I had waited until it got all the way dark—thank goodness it was nearly winter so the Sun set early—and then crept out of bed. I stuffed pillows under the covers (a juvenile trick, I know, but also an effective one) and then put on my boots and jacket and shimmied out of the window. My room was on the second floor of the big old Antebellum mansion, but there was a conveniently placed trellis with ivy growing up it so I was able to get down without a problem.

My new Tesla—a “welcome to the Wulven family present” according to my stepfather, purred as quietly as a kitten as I started it up and drove to the other end of town to Mabel’s Diner (Sausage Biscuits, our Specialty!) to meet my friends.

And that was how I had finally gotten to see Madison and Ashley—only to disappoint them with the news that I couldn’t possibly go with them to Fort Lauderdale, where it was still warm and sunny, even in November, while everything was cold and gray in Virginia that time of year.
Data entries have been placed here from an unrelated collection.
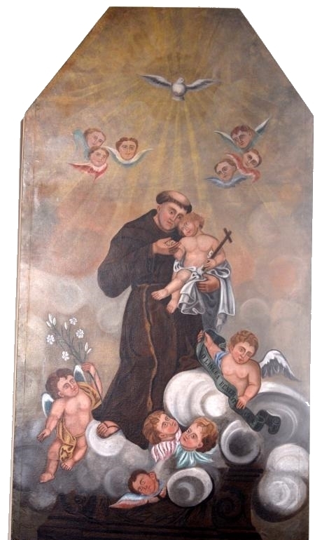 Este painel representando Santo António integrou até recentemente (altura em que foi removido para restauro) o retábulo neoclássico da capela-mor da igreja conventual de Santo António, estrutura em talha que, atendendo à gramática decorativa que exibe, foi levantada no século XIX, ainda os frades capuchos habitavam o Convento, para substituir o retábulo seiscentista que o precedeu. Na ausência de documentação, não podemos adiantar se a respectiva tela foi encomendada inicialmente com o retábulo ou se foi incorporada num período posterior. A única certeza é que se encontrava já aí em 1909, pois surge mencionado "um panno de bocca com a imagem de Santo António" no inventário realizado nesse ano pela Irmandade de Santo António dos Frades.
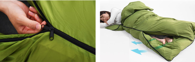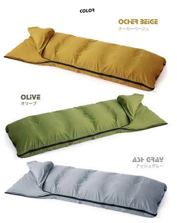 先述の通り、本製品はご自宅にある羽毛布団を入れることで、ダウンシュラフ(寝袋)として使用することができます。
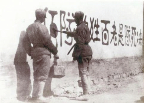 圖2 山西新軍既是戰(zhàn)斗隊,又是工作隊。他們走到哪里,宣傳到哪里,動員青年參軍;組織人民武裝自衛(wèi)隊、游擊隊;協(xié)助地方建黨、建政,組建工、農(nóng)、青、婦等群眾團(tuán)體,創(chuàng)建抗日根據(jù)地。圖為1938年初,決死隊?wèi)?zhàn)士在沁縣書寫宣傳標(biāo)語。
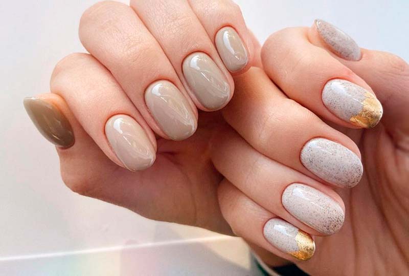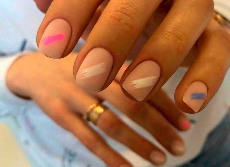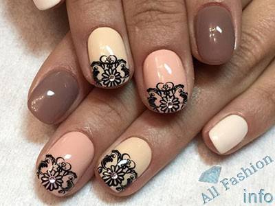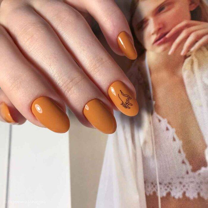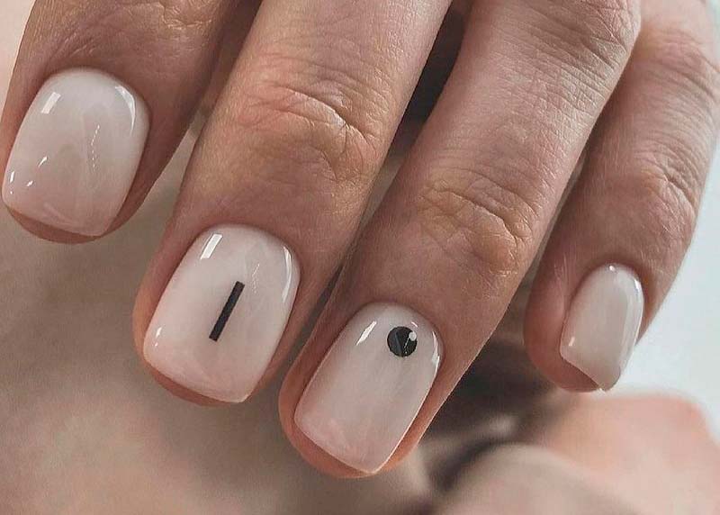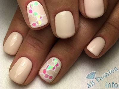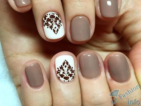 Дизайнеры маникюра советуют все же поддаться модным тенденциям и разбавить монохромность маникюра выделением одного-двух ноготков фактурным лаком или другим оттенком. К примеру, накрасить все ногти глянцевым лаком бежевого цвета, а безымянный выделить фактурным, но на тон светлее. Еще одним интересным вариантом может стать сочетание светло-абрикосового оттенка и цвета какао, которые отлично гармонируют друг с другом по законам колористики.
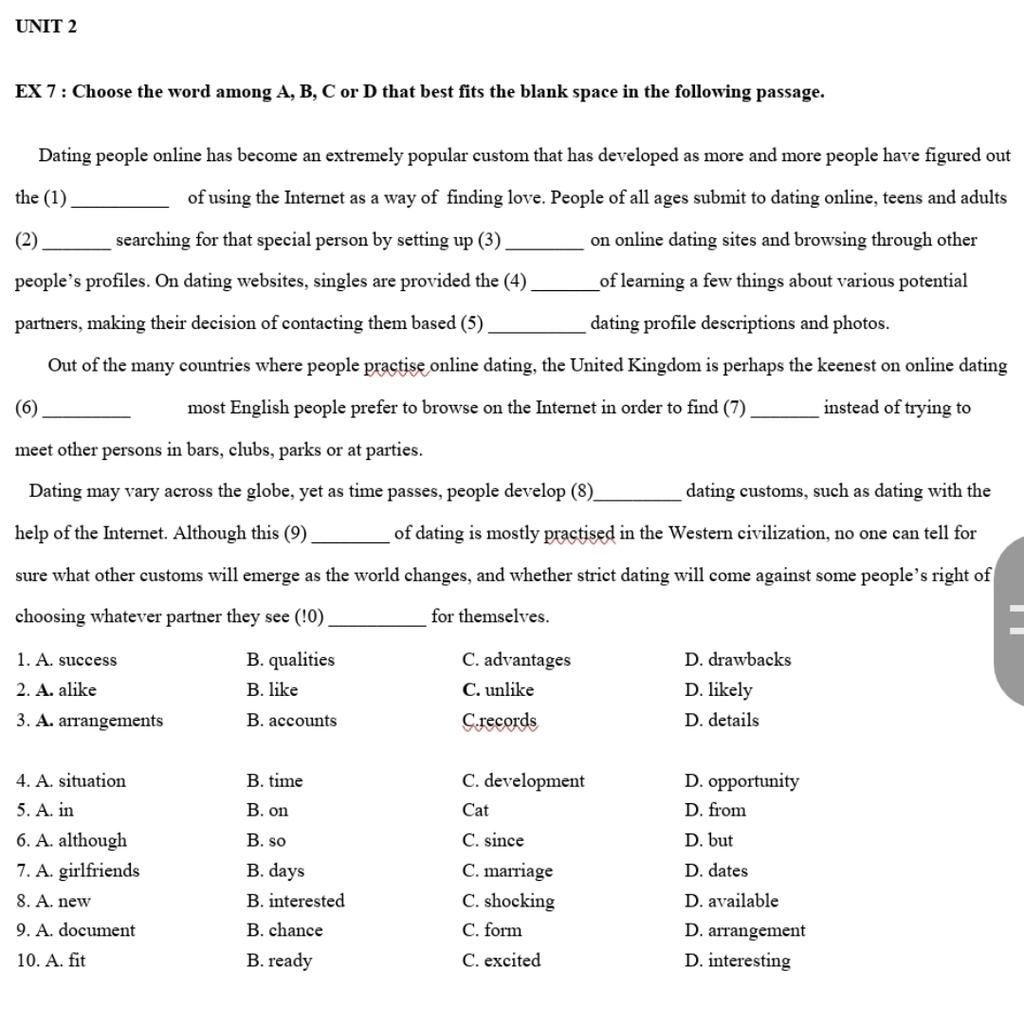 EX 7: Choose the word among A, B, C or D that best fits the blank space in the following passage.
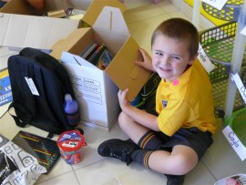 JUST LIKE CHRISTMAS: Ethan Ingram, from Revival City College, opening his school pack.

“It’s all right,” Ashley said, her normally bubbly voice going cold. “Madison and I understand if you can’t come, Ani. I mean, you can never come with us anymore. Maybe we should just stop asking.”

“No, please…” I felt my throat tighten. “Please don’t do that, Ashley. Please, you guys—I swear it’s not like that! I want to go with you—you know I do! Try to understand, it’s a family thing.”

“A family thing?” Madison raised one perfectly arched dark brown eyebrow. “As in, your fancy new family thinks you’re too good for us? They don’t want you seen with us?”

“That’s not it!” I protested. But the two of them were already getting up and leaving their money on the old-fashioned Formica table.

“We’ll talk to you later, Ani,” Ashley said. “Maybe we can get together after Thanksgiving or something. Maybe after Christmas.”